**The problem**:
What you should give back is a precise copy of the lines below from the one containing "华森制药伴尔健钙维生素D维生" through the one containing "This modern layout", with no pictures.

(Source data begins)

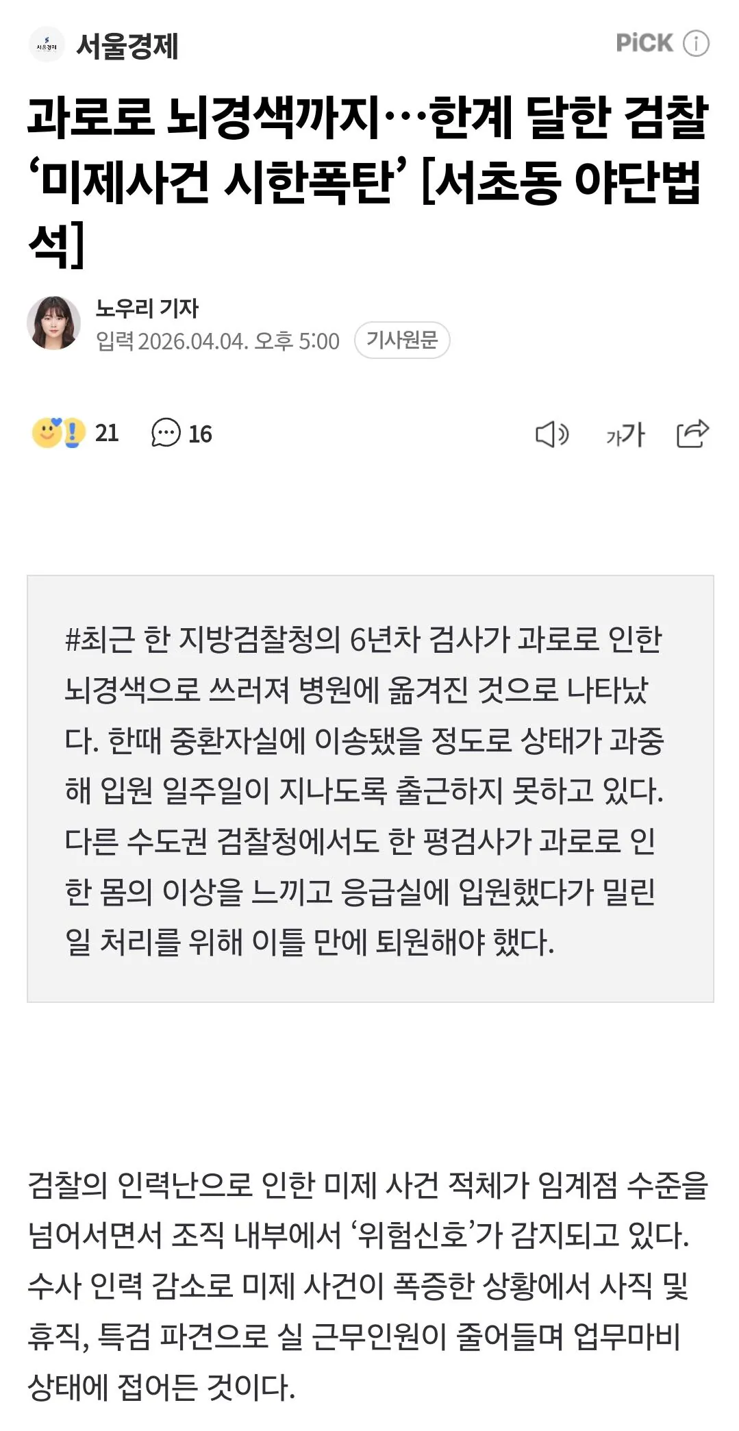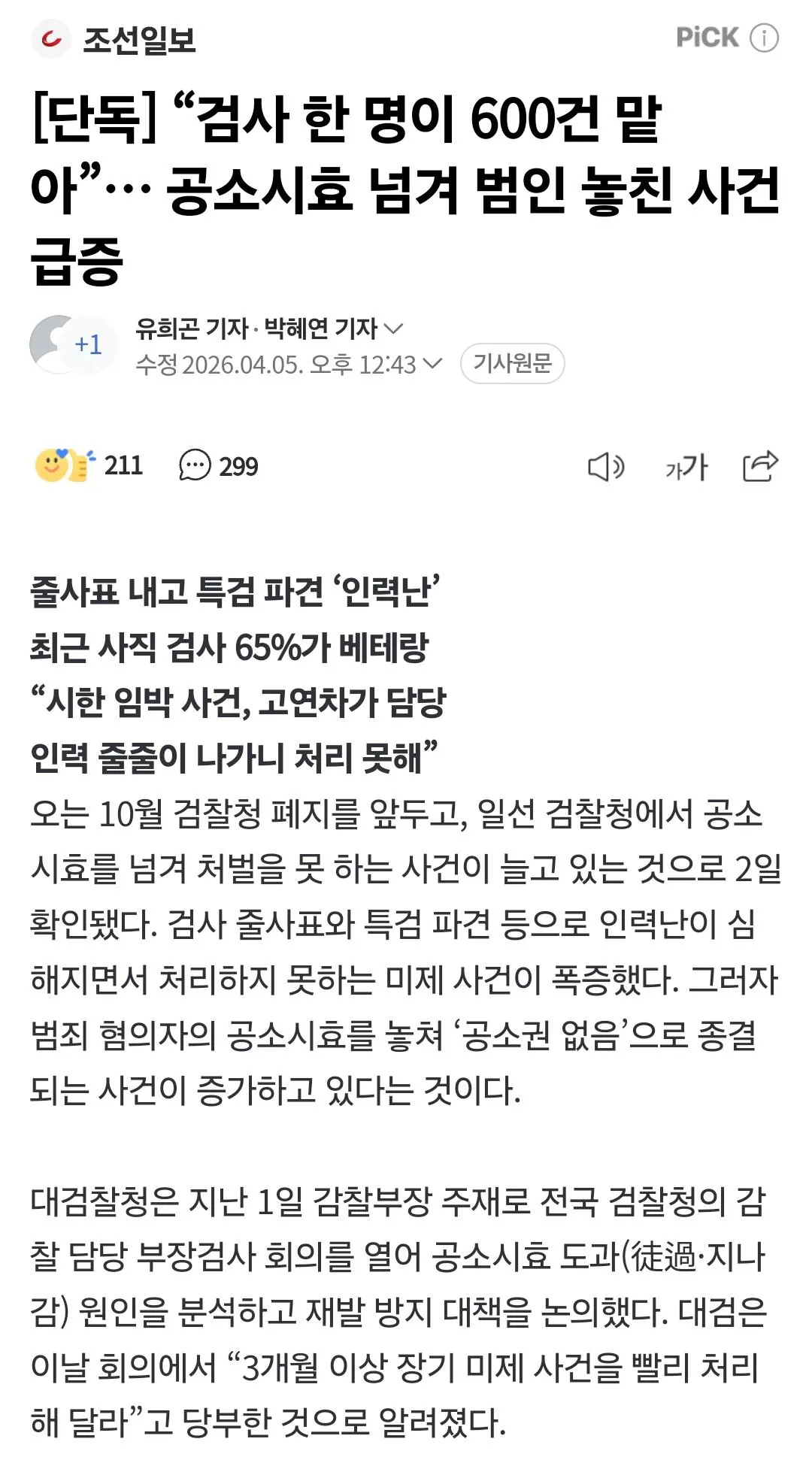 인력이 모자라니까 미제사건들이 계속 쌓여가고 있는데, 검사들이 과로 때문에 뇌경색으로 쓰러지는 일까지 벌어지고 있다고 함
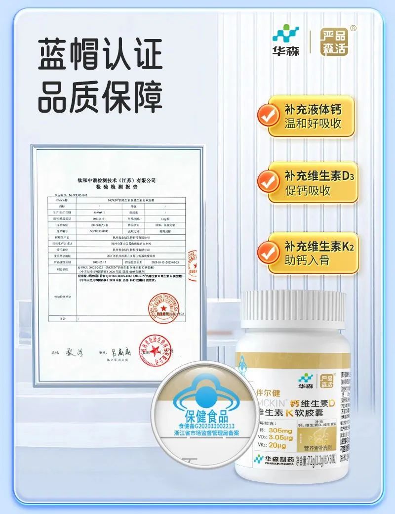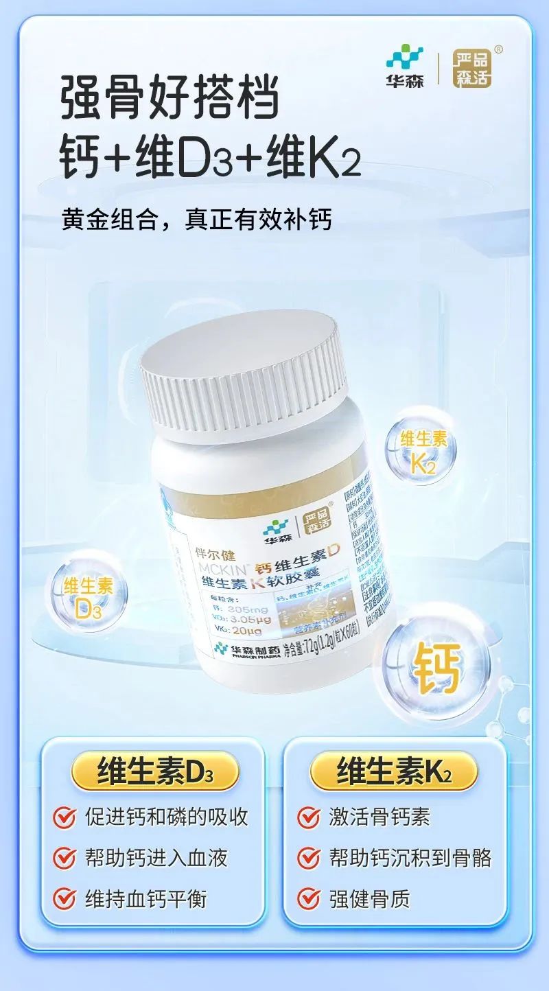 华森制药伴尔健钙维生素D维生素K软胶囊,每粒含高达305mg的液体钙,比一般钙片更易吸收;维生素D,促钙吸收,提高血钙水平;维生素K,领钙入骨,引导血液中的钙在骨骼中沉积,以加强骨骼结构。无论是4岁的小朋友,还是身怀六甲的孕妇、正在哺乳的乳母,都可以放心选择伴尔健钙DK。
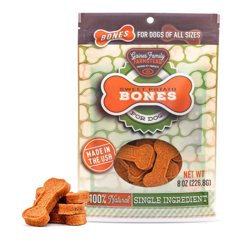 Gaines Family Farmstead Sweet Potato Dog Bones, All-Natural, Grain Free Dog Treats for All Ages & Breeds, Great for Training and Rewards, Made in USA, 8 Ounce Bag
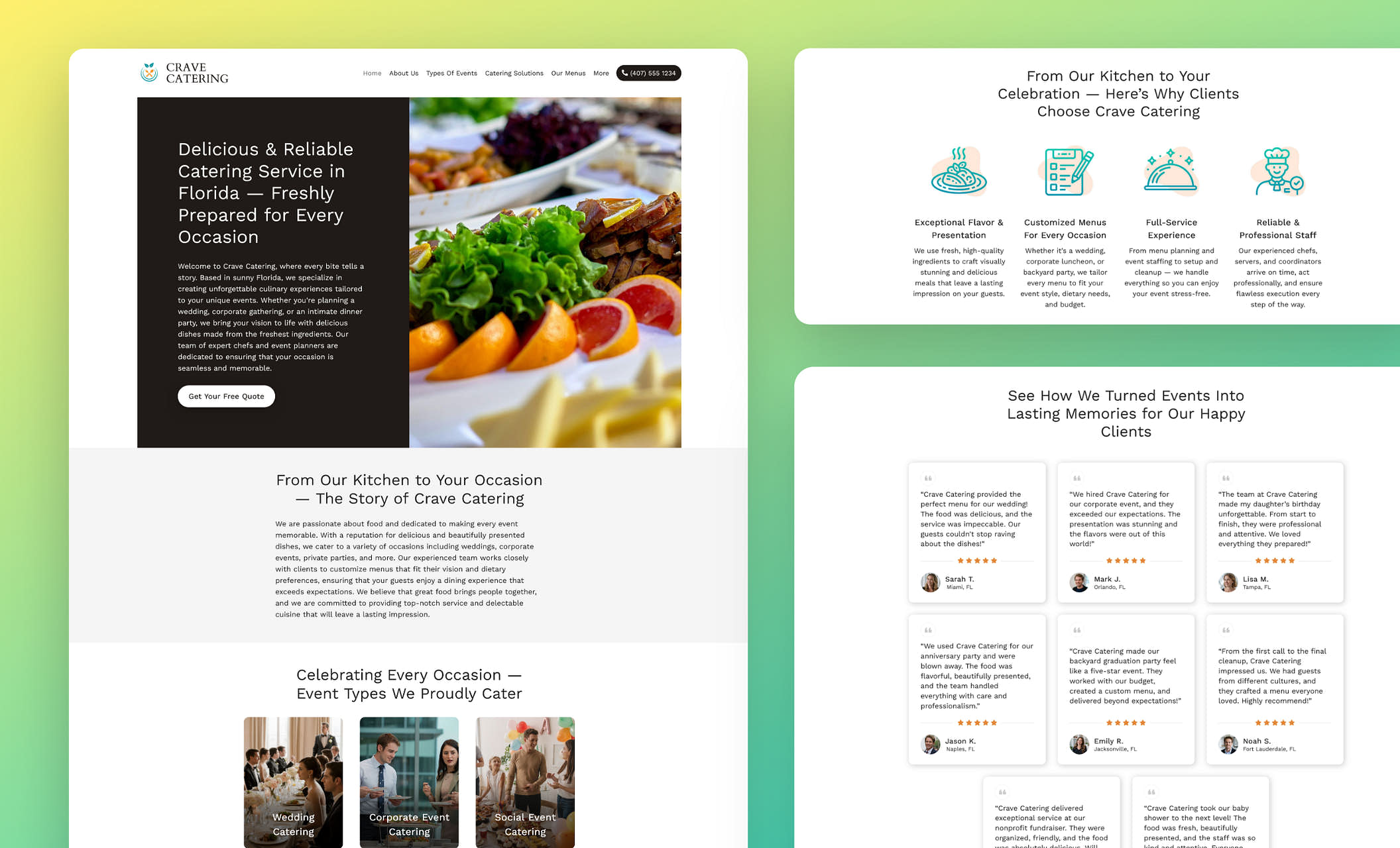 This modern layout works like a conversation: it shares your story, shows your services, and builds credibility with real reviews — all before visitors ever scroll. Great for caterers who want more event inquiries with less back-and-forth.
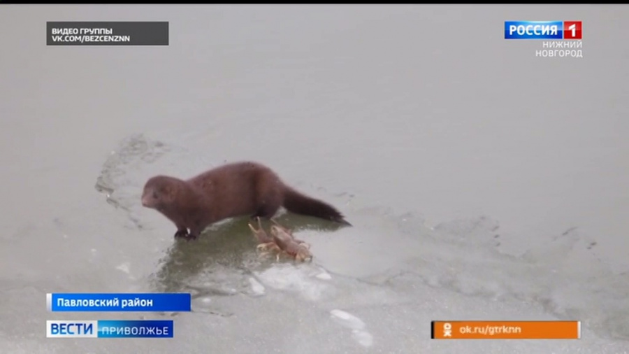 16 февраля 2020, ГТРК "Нижний Новгород" (видео). Американская норка вышла на охоту в Павловском районе. Пушистый зверек решил полакомиться речными раками. Фотограф застала хищника за обедом и выложила видео в социальную сеть. Пользователи уже пошутили в комментариях, что улову маленького зверька позавидует любой рыбак. Норке удалось выловить из Оки двух раков.

(Source data ends)

**Reply to the task**:
 华森制药伴尔健钙维生素D维生素K软胶囊,每粒含高达305mg的液体钙,比一般钙片更易吸收;维生素D,促钙吸收,提高血钙水平;维生素K,领钙入骨,引导血液中的钙在骨骼中沉积,以加强骨骼结构。无论是4岁的小朋友,还是身怀六甲的孕妇、正在哺乳的乳母,都可以放心选择伴尔健钙DK。
 Gaines Family Farmstead Sweet Potato Dog Bones, All-Natural, Grain Free Dog Treats for All Ages & Breeds, Great for Training and Rewards, Made in USA, 8 Ounce Bag
 This modern layout works like a conversation: it shares your story, shows your services, and builds credibility with real reviews — all before visitors ever scroll. Great for caterers who want more event inquiries with less back-and-forth.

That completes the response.